**Recorded information**

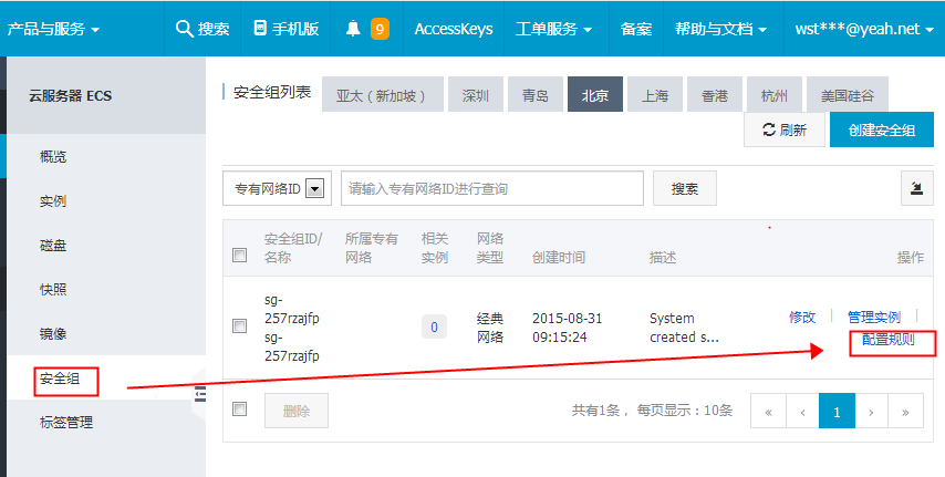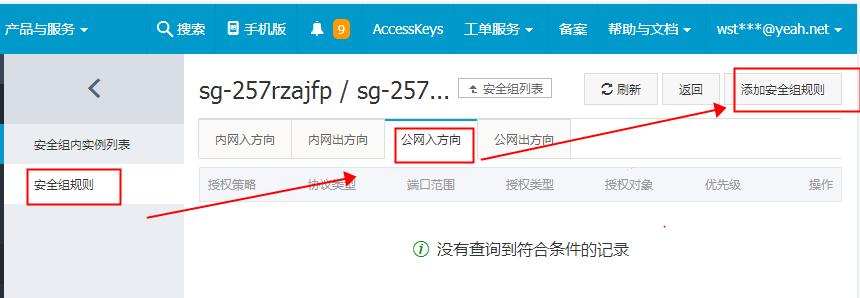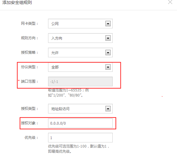 如何正确配置ECS安全组规则 问题描述: ECS 服务器无法ping通,排查防火墙、网卡IP配置无误,回滚系统后仍然无法ping通。 分析解决: 排查后发现,由于该ECS实例安全组默认的公网规则被删除导致,重配公网入口安全组规则即可。 可根据以下步骤配置: 1. 登录阿里云ECS控制台,点击【安全组】--【配置规则】。 2. 选择【公网入方向】--【添加安全组规则】。 3. 配置安全组规则,默认规则的参考信息如下: 网卡类型: 公网 规则方向: 入方向 授权策略: 允许 协议类型: 全部 端口范围: 默认 授权对象: 0.0.0.0/0 优 先 级: 1 4. 配置完毕点击【确定】,再次进行ping测试,恢复访问。 如问题还未解决,请联系售后技术支持。 上一条: 如何查询与定位IP地址
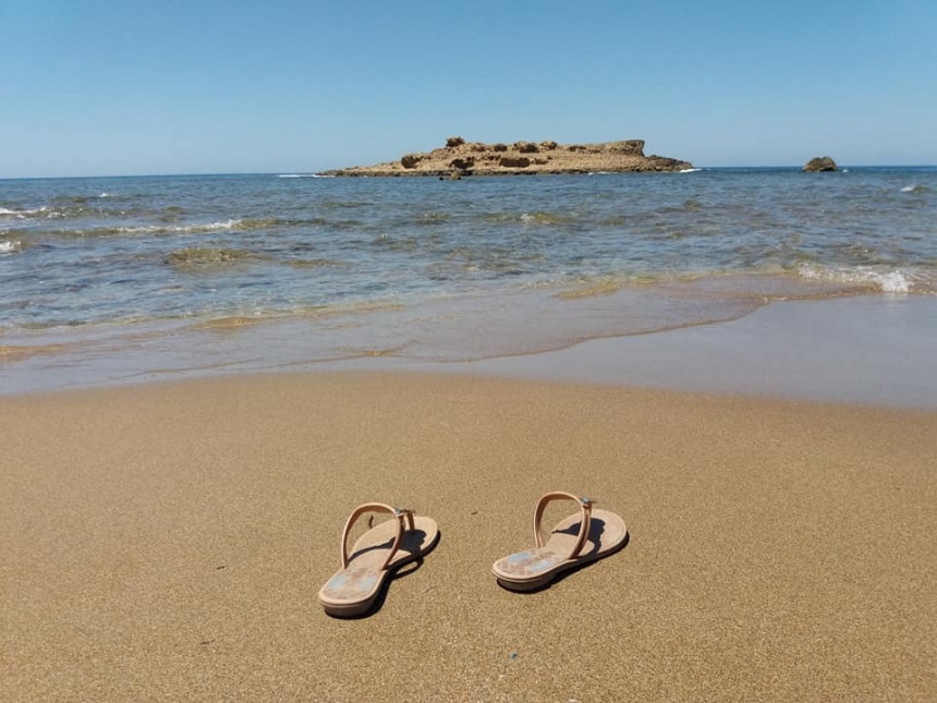 На горизонте синеет море. В 20-30 метрах от берега мы видим небольшую скалу, выступающую из моря — она слишком мала для того, чтобы быть островом, но все равно интересно.
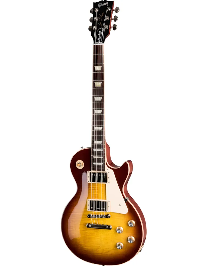 The new Les Paul Standard returns to the classic design that made it relevant, played and loved - shaping sound across generations and genres of music. It pays tribute to Gibson's Golden Era of innovation and brings authenticity back to life. The Les Paul Standard 60's has a solid mahogany body with an AA figured maple top, and a slim taper 60's-style mahogany neck with a rosewood fingerboard and trapezoid inlays. It's equipped with a classic-style Tune-O-Matic bridge, aluminum stop bar tailpiece, Grover Rotomatic "Kidney" tuners, and gold top hat knobs with silver reflectors. A pair of 60's Burstbucker humbucking pickups are loaded with AlNiCo V magnets, audio taper potentiometers and orange drop capacitors.
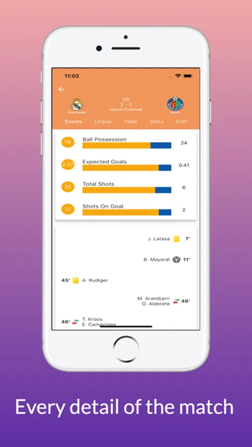 • Instant Push Notifications: Never miss a moment! Be the first to know when a goal is scored, a card is given, or any crucial event happens. Feel the pulse of the match right from your device.

**Task prompt**
The answer should consist of every line above, exact and free of images.

**Result below**
 如何正确配置ECS安全组规则 问题描述: ECS 服务器无法ping通,排查防火墙、网卡IP配置无误,回滚系统后仍然无法ping通。 分析解决: 排查后发现,由于该ECS实例安全组默认的公网规则被删除导致,重配公网入口安全组规则即可。 可根据以下步骤配置: 1. 登录阿里云ECS控制台,点击【安全组】--【配置规则】。 2. 选择【公网入方向】--【添加安全组规则】。 3. 配置安全组规则,默认规则的参考信息如下: 网卡类型: 公网 规则方向: 入方向 授权策略: 允许 协议类型: 全部 端口范围: 默认 授权对象: 0.0.0.0/0 优 先 级: 1 4. 配置完毕点击【确定】,再次进行ping测试,恢复访问。 如问题还未解决,请联系售后技术支持。 上一条: 如何查询与定位IP地址
 На горизонте синеет море. В 20-30 метрах от берега мы видим небольшую скалу, выступающую из моря — она слишком мала для того, чтобы быть островом, но все равно интересно.
 The new Les Paul Standard returns to the classic design that made it relevant, played and loved - shaping sound across generations and genres of music. It pays tribute to Gibson's Golden Era of innovation and brings authenticity back to life. The Les Paul Standard 60's has a solid mahogany body with an AA figured maple top, and a slim taper 60's-style mahogany neck with a rosewood fingerboard and trapezoid inlays. It's equipped with a classic-style Tune-O-Matic bridge, aluminum stop bar tailpiece, Grover Rotomatic "Kidney" tuners, and gold top hat knobs with silver reflectors. A pair of 60's Burstbucker humbucking pickups are loaded with AlNiCo V magnets, audio taper potentiometers and orange drop capacitors.
 • Instant Push Notifications: Never miss a moment! Be the first to know when a goal is scored, a card is given, or any crucial event happens. Feel the pulse of the match right from your device.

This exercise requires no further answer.